3iVerify is a comprehensive quality management software tailored for the pharmaceutical, biotech, and medical devices industries to automate compliance with regulatory standards like FDA's 21 CFR Part 11 and EU Annex 11. It includes features such as electronic recordkeeping, electronic signatures, RBAC for access control, and tools to manage documentation creation, approval workflows, training records, NCRs (Non-Conformance Reports), CAPAs (Corrective and Preventive Actions), audits, and change control processes. The software also offers real-time monitoring of data integrity and analytics to track performance indicators related to quality metrics.

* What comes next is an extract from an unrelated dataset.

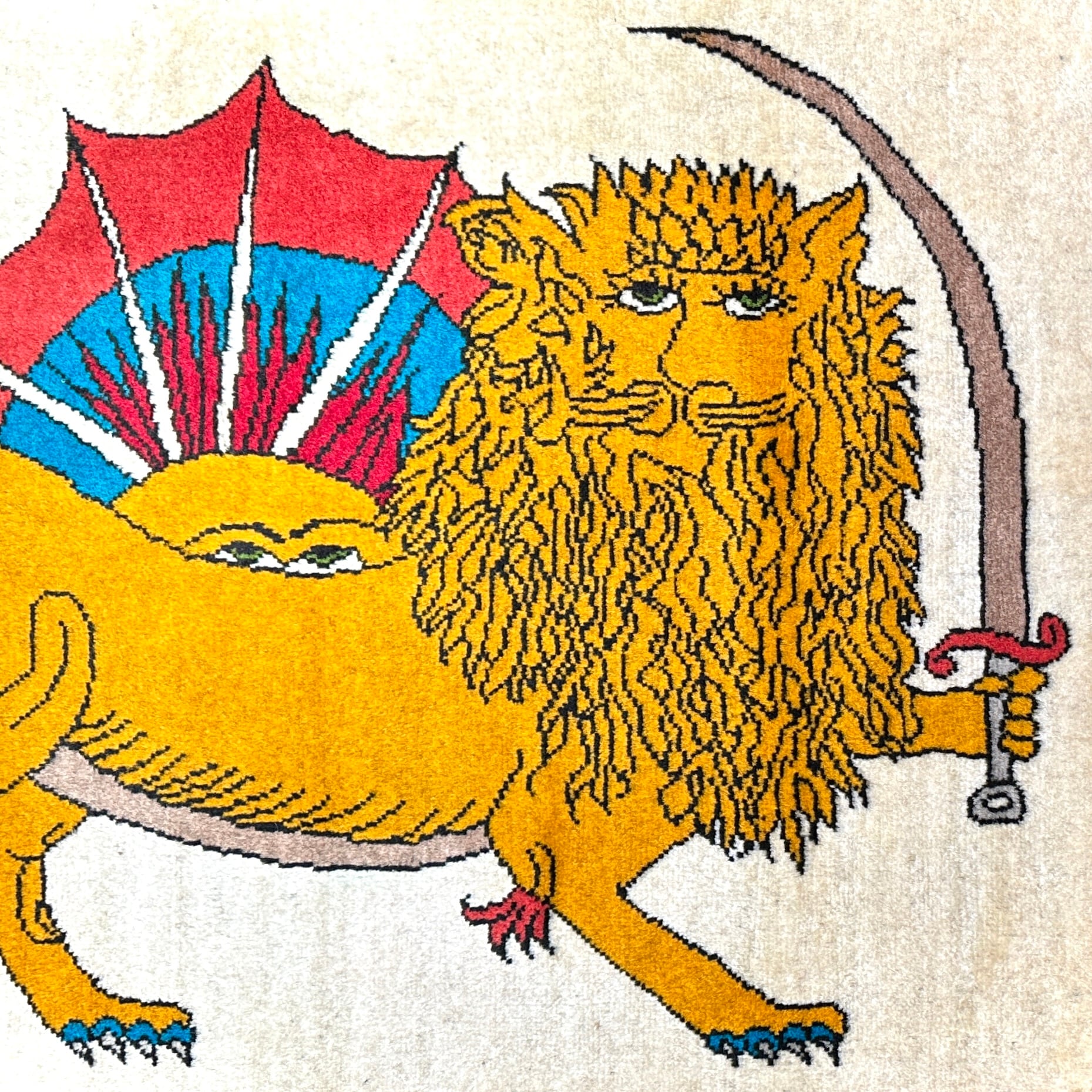 ペルシャ帝国を象徴する、剣を握ったライオンから太陽が顔を覗かせる「シィールホルシード」のモチーフです。

3iVerify differentiates itself in the market through its specialized focus on automating compliance with stringent industry regulations. Its robust suite of tools supports extensive quality management activities while ensuring adherence to regulatory standards. Key features like real-time data monitoring and role-based access control further enhance its utility by providing comprehensive solutions for maintaining data integrity and tracking quality metrics efficiently within regulated environments.

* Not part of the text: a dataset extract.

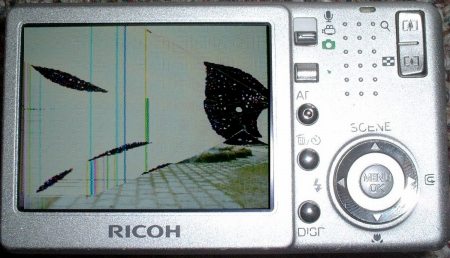 今日は、午前中はパズルを考えて過ごし、午後は心斎橋へ買物に出た。パズルはあまり進展はなかった。考え方を変えた方がよいかも知れない。買物は、家内に付いて行ったもので、私は喫茶店で一人で待っていた。涼しいところで俳句の宿題を考えながら過ごした。帰宅すると、先週修理のためメーカーに送っておいたデジカメが返っていた。まる10日間、デジカメのない(実際は古いデジカメを使う)生活を余儀なくされたが、明日からまた持ち歩くことができる。カメラが壊れた原因は液晶部分が圧迫されたため液晶が潰されたもの。ポケットに入れ満員電車に乗ったとき押されて何かにぶつかったらしい。帰宅するまで壊れたことに気づかずどこで壊れたのかも思い当たらなかった。今後はケースに入れて持ち歩くなど運搬には細心の注意が必要なことを思い知った。写真は、修理前の液晶が壊れたデジカメ。デジカメの 修理が終り 梅雨晴間

In a competitive landscape that includes platforms like MasterControl, TrackWise, Veeva QualityOne, Sparta Systems, and EtQ Reliance; 3iVerify stands out due to its advanced capabilities in documentation management, workflow automation, NCRs/CAPAs handling, audit management along with real-time data integrity monitoring. These functionalities make it an appealing choice for professionals involved in quality management and regulatory affairs in highly regulated sectors seeking an efficient system that streamlines compliance processes while maintaining high-quality standards.